We next searched for genome rearrangements using the RNA-seq data set instead of the whole-genome sequencing data set owing to the low sequence coverage achieved in whole-genome sequencing. Overall, we detected 32 candidate rearrangements that resulted in gene fusions (Supplementary Table 10). The only recurrent fusion event involved FGFR3 fusion in frame with TACC3 in cases B59-3 and B100 (2/42, 5%; Fig. 3a and Supplementary Figs. 19 and 20). Analysis of junction-spanning and mate-pair reads derived from the whole-genome sequencing data confirmed the presence of the FGFR3-TACC3 fusion in both tumors. TACC3, which is located 70 kb away from FGFR3, encodes a microtubule-associated protein that is important for spindle stability and organization in the SCCS process and has been mapped to a chromosomal region that is disrupted in some cancers17. In expression analysis from RNA-seq coverage, the B59-3 and B100 tumors had markedly higher, outlier expression of TACC3 compared to normal bladder tissues and other tumors without the FGFR3-TACC3 fusion (Fig. 3b), and TACC3 mRNA was predominantly present in fused transcripts in both tumors (Fig. 3c and Supplementary Fig. 20c). Although FGFR3 and TACC3 are located in a focal region that was frequently amplified in our cohort (Supplementary Fig. 12), the low level of amplification of this region in the B100 tumor and its apparent deletion in the B59-3 tumor (Supplementary Fig. 21) indicate that the high expression of TACC3 was unlikely to be caused by TACC3 amplification but is likely mediated by transcriptional regulatory elements in the promoter of its fusion partner, FGFR3. A previous study reported a similar _FGFR3_-TACC3 fusion in glioblastoma multiforme and found that the fusion protein could induce mitotic and chromosomal segregation defects and trigger aneuploidy18. A low frequency of FGFR3-TACC3 fusions (9%) was also reported in a recent study using bladder cancer cell lines19. In addition to mutations in FGFR3, frequent amplification of the locus with TACC3 and FGFR3 in our cohort and recurrent FGFR3-TACC3 fusion events suggest a close relationship between this locus and bladder tumorigenesis.
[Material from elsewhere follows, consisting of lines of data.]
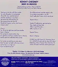 "Beer In Mexico" is a song written and recorded by American country music artist Kenny Chesney. It was released in January 2007 as the fifth and final single from his 2005 album The Road and the Radio. The song reached number one on the U.S. Billboard Hot Country Songs chart. This was the first song written by Kenny Chesney himself to reach the top of that chart.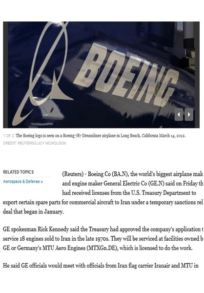 در پایان ماه فوریه، «جنرال الکتریک» دیگر شرکت معروف امریکایی اعلام کرد که برای فروش قطعات یدکی هواپیما به ایران از مقامات این کشور درخواست مجوز کرده اما تاکنون پاسخی دریافت نکرده است.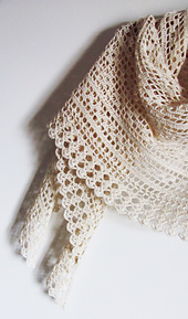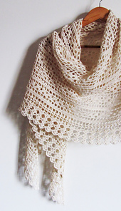 Daisies & Bees is a triangular shawl worked top-down in a filet crochet technique. Solid colors work best to show off the stitch pattern.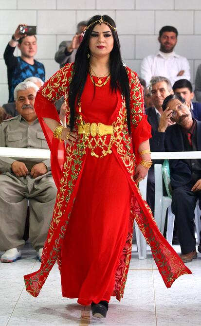 Con un vestido irisado, Efin Hisu avanza por la pasarela al son de la música en el primer desfile de moda kurda de Siria, un escaparate del renacimiento de estas prendas tradicionales.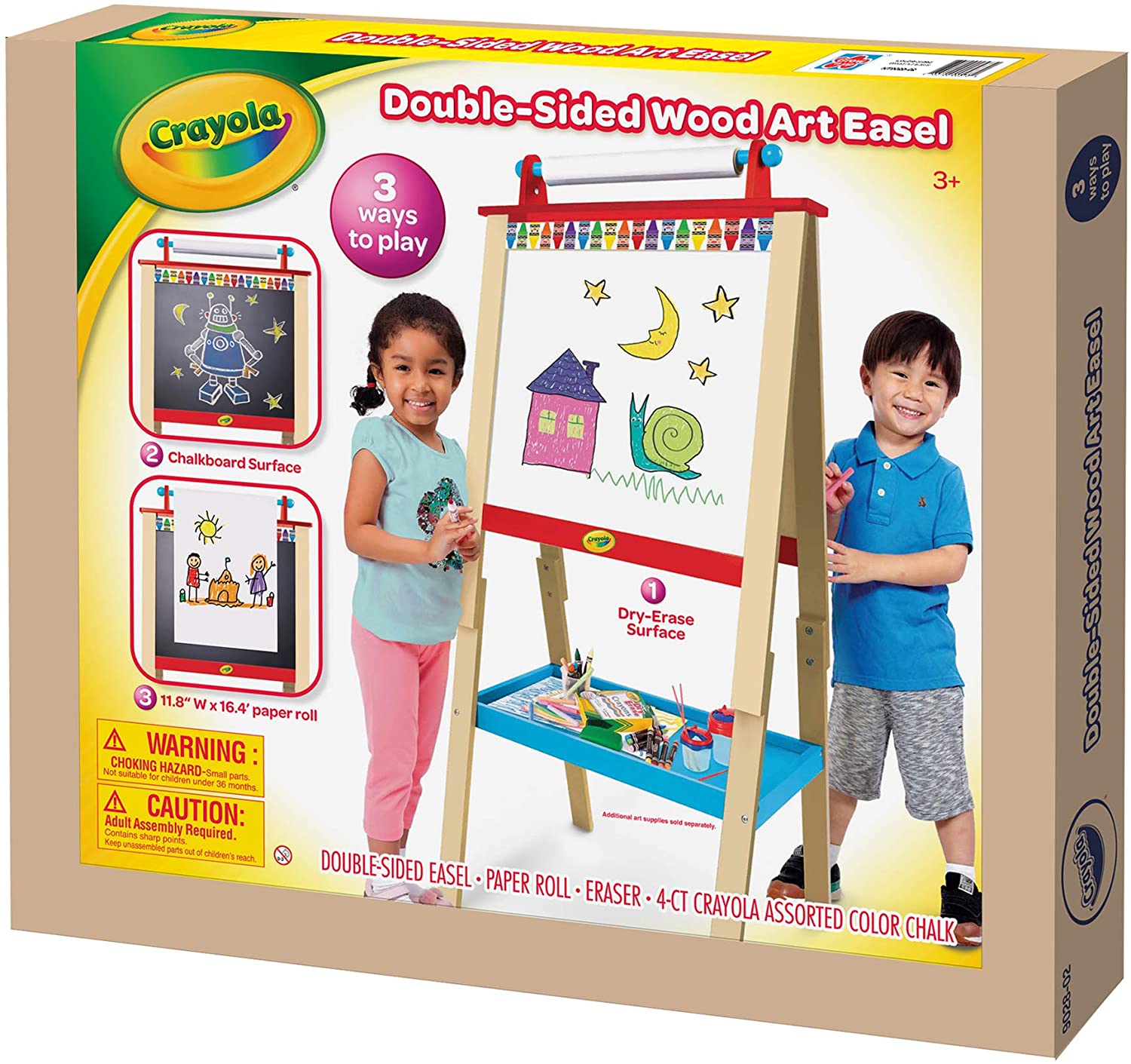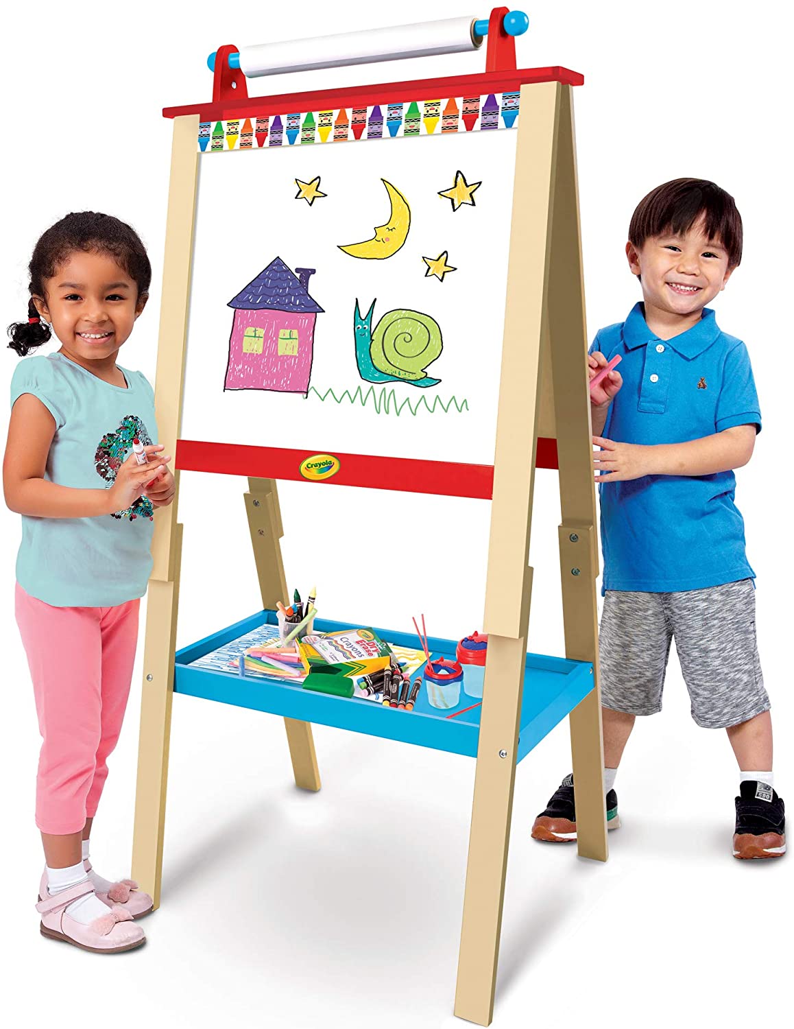 Crayola Double Sided Wood Art Easel, Complete with a Large Drawing Surface, 2 Sided, Dry-Erase And Chalkboard, Specious and Easy Access Wooden Storage Tray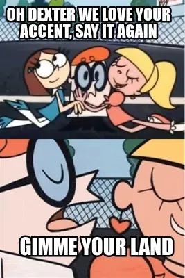 Create Funny Oh dexter we love your accent, say it again gimme your land Meme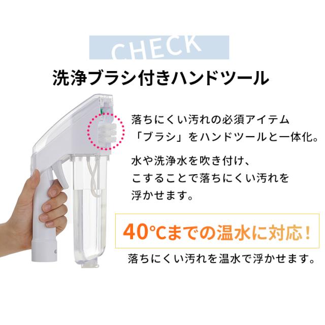 水を吹きつけながら、カーペットの汚れをすすいで強力吸引!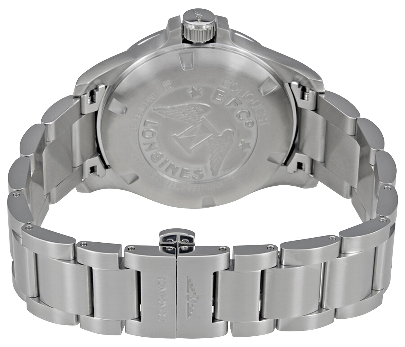 Longines' Conquest V.H.P. which stands for Very High Precision, combines high technicality, innovation and modern aesthetic to reach new heights in quartz-based watchmaking. It features a 41 mm stainless steel case that holds a black sunray dial under a scratch-resistant sapphire crystal. It has gunmetal gray and luminescent obelisk-style hands, applied indices, and Arabic numerals at the 6 and 12 o'clock positions. The bordered and beveled date aperture at the 3 o'clock position is adjacent to the protected smart crown wherein controls for time-setting can be minimally operated minute by minute or hour by hour. It is also equipped with a perpetual calendar that no longer requires correcting the date. A stainless steel bracelet with a triple safety folding clasp and push-piece opening mechanism completes the elegant and versatile look. This watch also features a solid caseback engraved with Longines' old winged hourglass logo with the Ernest Francillon & Compagnie signature (EFCo). Encased within is the caliber L288, an extremely precise Swiss quartz movement capable of automatically resetting/correcting the hands in case of shock or exposure to a magnetic field and is water-resistant up to 50 meters/165 feet.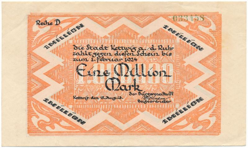 Németország / Weimari Köztársaság / Kettwig 1923. 1.000.000M T:F szép papír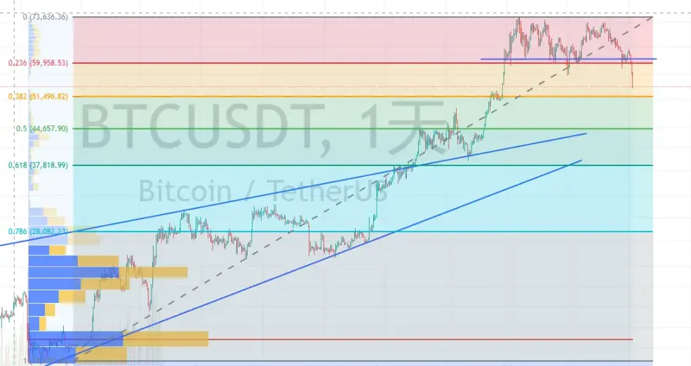 基于斐波那契回撤工具,比特币价格在回调过程中可能会在 51,500 美元左右找到支撑。这个价格点位对应于斐波那契回撤的 38.2% 水平(即从近期的高点到低点的 38.2% 的位置)。此外,这个价位区域之前也曾是比特币价格在最后冲刺前进行短暂盘整的地方,这进一步增加了 51,500 美元作为支撑位的可能性。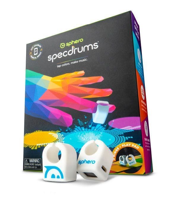 Met de Specdrums tover je kleuren om in geluid. Je doet een ring om je vinger en tikt op een stuk fruit, een tafelblad of een ander willekeurig voorwerp. De bijbehorende app maakt van je getik een muzikaal geheel. In de verpakking vind je twee ringen, zodat je ook complexere ritmes en melodieën kunt maken. Met de app kun je ook je eigen samples opnemen die je vervolgens met de ringen kunt bespelen.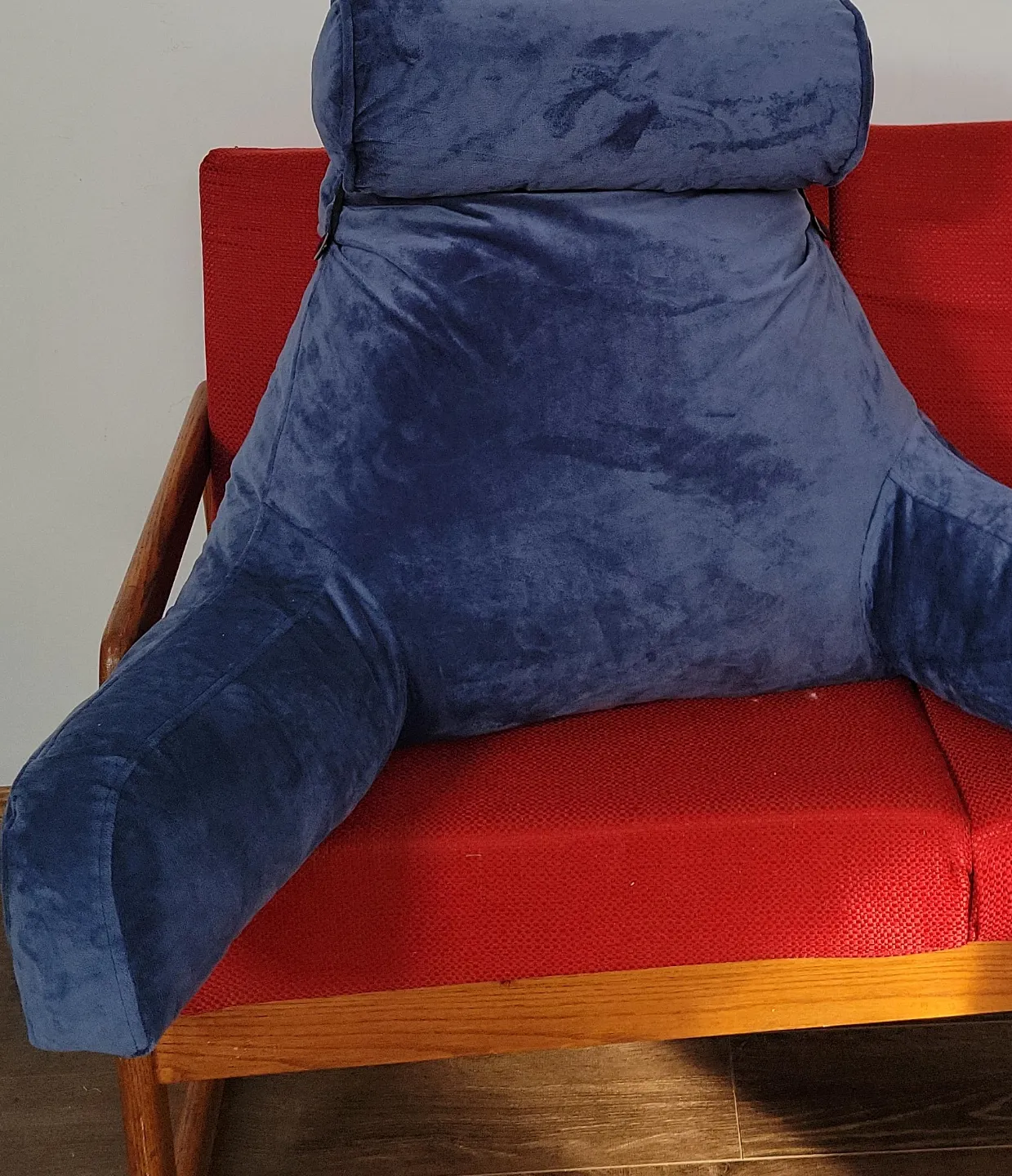 Large, firm and comfy backrest pillow. Navy blue velour-like fabric. Perfect for lounging on the couch or in bed. Offers great lumbar support.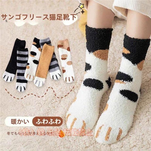 靴下 ソックス 6足セット レディース もこもこ 猫 ネコ 厚手 防寒 ルームソックス 秋冬 モコモコ 冷え取り株式会社錦 クルーソックス あったか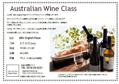 この度、「DBS! English Place 」でワインクラスのイベントを開催いたします。

This idea is further supported by the discovery of an association between a SNP in this locus and increased risk of bladder cancer20.

Figure 3.

Figure 3

FGFR3-TACC3 fusion was identified in TCC. (a) Genomic fusion of intron 17 of FGFR3 with intron 10 of TACC3 resulting in exon 17 of FGFR3 being spliced 5’ to exon 11 of TACC3 in the fused mRNA. Triangles indicate the genomic positions of the breakpoints. Detailed information on the positions and sequences of primers P1 and P3 is provided in Supplementary Table 14. (b) Outlier high expression of TACC3 in TCCs harboring FGFR3-TACC3 gene fusions. RPKM, reads per kilobase of exon region in a gene per million mapped reads, (c) RNA-seq coverage analysis of FGFR3 (top) and TACC3 (bottom) in the tumor and matched normal bladder tissue from B59-3. Three transcripts of FGFR3 and one transcript of TACC3 are shown. Black dotted lines indicate breakpoints. E, exon.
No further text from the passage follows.